CREATE EXTERNAL TABLE
— define a new external table
Synopsis
CREATE { TEMPORARY | TEMP } EXTERNAL TABLE [IF NOT EXISTS] <table_name>
[ ( <column_def> [, ...]) ]
FOR <source_location>
[ WITH ( <option>, [...] ) ]
where column_def
is:
<column_name> <data_type> [COLLATE <collation>] [ {NOT NULL | NULL } ]
and option
can be one of:
FORMAT => <format_name>
<format_specific_option> => <value>
Description
CREATE TEMPORARY EXTERNAL TABLE
will create a new temporary external
table, enabling to refer to external data from <source_location>
in a
SQL query as if it was stored in a Hyper table named <table_name>
.
However, no data will be stored in Hyper. Instead, Hyper will read from
the external source whenever the external table is accessed in a query.
See External formats for a list of supported external formats.
It is mandatory to use the TEMP
or TEMPORARY
keyword, as only
temporary external tables are supported.
The schema of the external source can be given explicitly through
<column_def>
, or it can be omitted, in which case Hyper will infer the
schema from the file. This only works for certain file formats that
carry schema information; refer to ??? for
details about which file formats support schema inference.
Parameters
TEMPORARY
orTEMP
- Temporary external tables are automatically dropped at the end of a
session and are only visible to this connection. Existing permanent
tables with the same name are not visible to the current session
while the temporary table exists, unless they are referenced with
schema-qualified names. It is mandatory to use the
TEMP
orTEMPORARY
keyword, as only temporary external tables are supported. IF NOT EXISTS
- Do not throw an error if a table with the same name already exists. Note that there is no guarantee that the existing table is anything like the one that would have been created.
<table_name>
- The name of the external table to be created.
<column_name>
- The name of a column to be created in the new external table.
<data_type>
- The data type of the column. For more information on the data types supported by Hyper, refer to ???.
COLLATE collation
- The
COLLATE
clause assigns a collation to the column (which must be of a collatable data type). If not specified, the column data type\'s default collation is used. NOT NULL
- The column is not allowed to contain null values.
NULL
- The column is allowed to contain null values. This is the default. This clause is only provided for compatibility with non-standard SQL databases. Its use is discouraged in new applications.
<source_location>
- Location to read the data from. See External Location documentation for more information.
FORMAT => format_name
- Selects the data format to be read. This option can be omitted in case the format can be inferred from the file extension. In case of a list of sources, all of them need to share this extension. Supported formats are depicted in detail in External formats.

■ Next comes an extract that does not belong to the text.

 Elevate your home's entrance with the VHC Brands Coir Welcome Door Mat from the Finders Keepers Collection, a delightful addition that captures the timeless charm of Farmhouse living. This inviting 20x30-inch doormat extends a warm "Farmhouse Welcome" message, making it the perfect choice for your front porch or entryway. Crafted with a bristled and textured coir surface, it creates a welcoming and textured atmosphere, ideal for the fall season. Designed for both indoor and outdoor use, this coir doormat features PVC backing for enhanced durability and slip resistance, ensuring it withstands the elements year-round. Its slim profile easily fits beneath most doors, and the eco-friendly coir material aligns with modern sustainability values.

format_specific_option => value
- A format-specific option. The available options for each respective format can be found in External formats.
Examples
Create a temporary external table for a local CSV file in the working directory of the Hyper server, having two columns and a custom delimiter. Then, querying the data in this external table:
CREATE TEMP EXTERNAL TABLE products (
name text NOT NULL,
price int )
FOR './products.csv'
WITH ( FORMAT => 'csv', DELIMITER => '|' )

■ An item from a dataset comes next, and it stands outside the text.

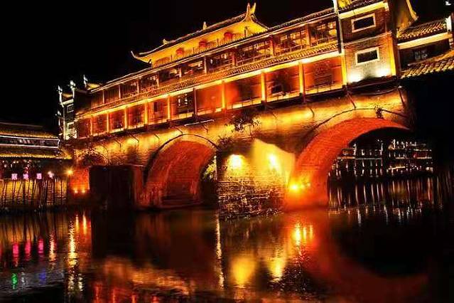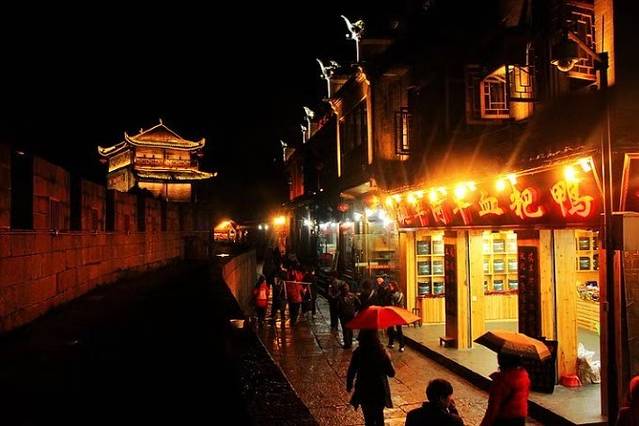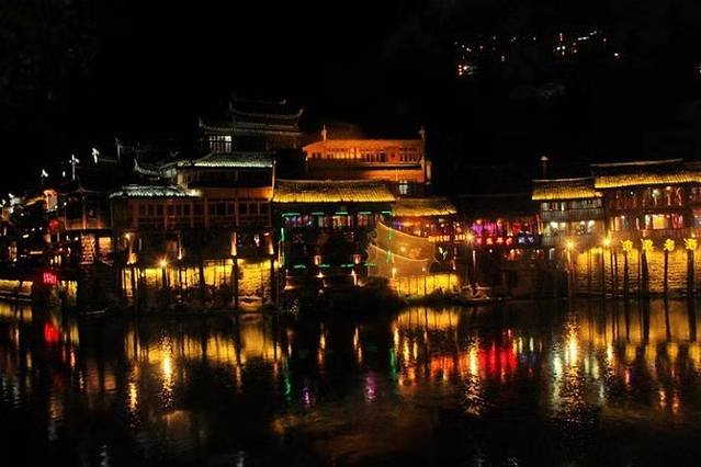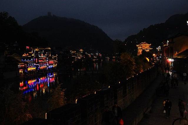 夜幕降临,凤凰古城开始上演另一完全不同的华丽篇章。

SELECT name FROM products WHERE price > 100;
Same but reading from multiple CSV files:
CREATE TEMP EXTERNAL TABLE products (
name text NOT NULL,
price int )
FOR ARRAY['./products1.csv', './products2.csv', './products3.csv']
WITH ( FORMAT => 'csv', DELIMITER => '|' )
SELECT name FROM products WHERE price > 100;
Create a temporary external table for an Apache Parquet file from Amazon S3 using empty credentials and inferring the bucket region. The schema of the file is inferred from the schema information in the file. The file format is inferred from the file extension:
CREATE TEMP EXTERNAL TABLE products
FOR s3_location(
's3://mybucket/mydirectory/products.parquet',
access_key_id => '',
secret_access_key => ''
)
Same but with explicit Amazon S3 credentials and bucket region:
CREATE TEMP EXTERNAL TABLE products
FOR s3_location(
's3://mybucket/mydirectory/products.parquet',
access_key_id => 'ACCESSKEYID12EXAMPLE',
secret_access_key => 'sWfssWSmnME5X/36dsf3G/cbyDzErEXAMPLE123',
region => 'us-east-1'
)
Alternatives
Using an external table in a SQL query is functionally equivalent to
calling the external
function.
Furthermore, the COPY FROM statement can be used to
directly import data from an external file into a native Hyper file.
For a discussion of the pros and cons of the various alternatives, see Reading External Data in SQL.